Problem: The output should match, line for line, the records from the line containing "70%Boost your marketing" through the line containing "Lot 50 | Jean-Michel", with every picture left out.

[Opening Data for processing section]

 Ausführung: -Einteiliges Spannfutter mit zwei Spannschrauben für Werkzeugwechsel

[Closing Data for processing section]
[Opening Data for processing section]

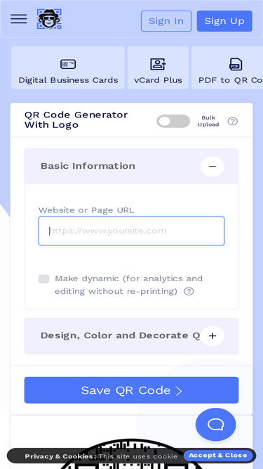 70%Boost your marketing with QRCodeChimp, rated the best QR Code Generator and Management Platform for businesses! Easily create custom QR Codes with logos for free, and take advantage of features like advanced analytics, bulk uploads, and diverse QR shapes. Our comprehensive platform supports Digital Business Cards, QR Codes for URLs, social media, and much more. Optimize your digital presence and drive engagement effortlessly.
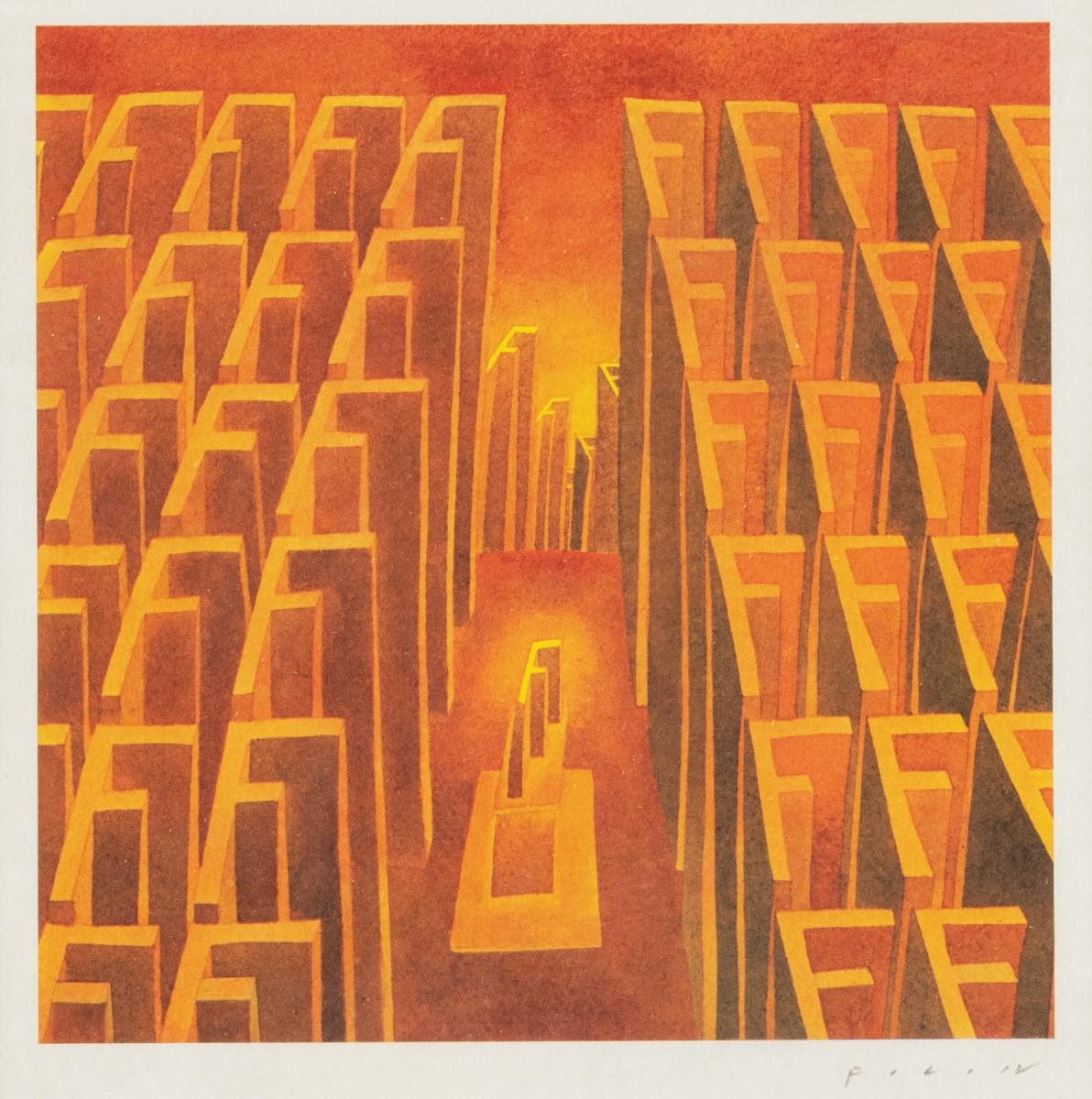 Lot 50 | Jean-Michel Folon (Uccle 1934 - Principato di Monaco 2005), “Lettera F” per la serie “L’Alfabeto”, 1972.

[Closing Data for processing section]

Reply:
 70%Boost your marketing with QRCodeChimp, rated the best QR Code Generator and Management Platform for businesses! Easily create custom QR Codes with logos for free, and take advantage of features like advanced analytics, bulk uploads, and diverse QR shapes. Our comprehensive platform supports Digital Business Cards, QR Codes for URLs, social media, and much more. Optimize your digital presence and drive engagement effortlessly.
 Lot 50 | Jean-Michel Folon (Uccle 1934 - Principato di Monaco 2005), “Lettera F” per la serie “L’Alfabeto”, 1972.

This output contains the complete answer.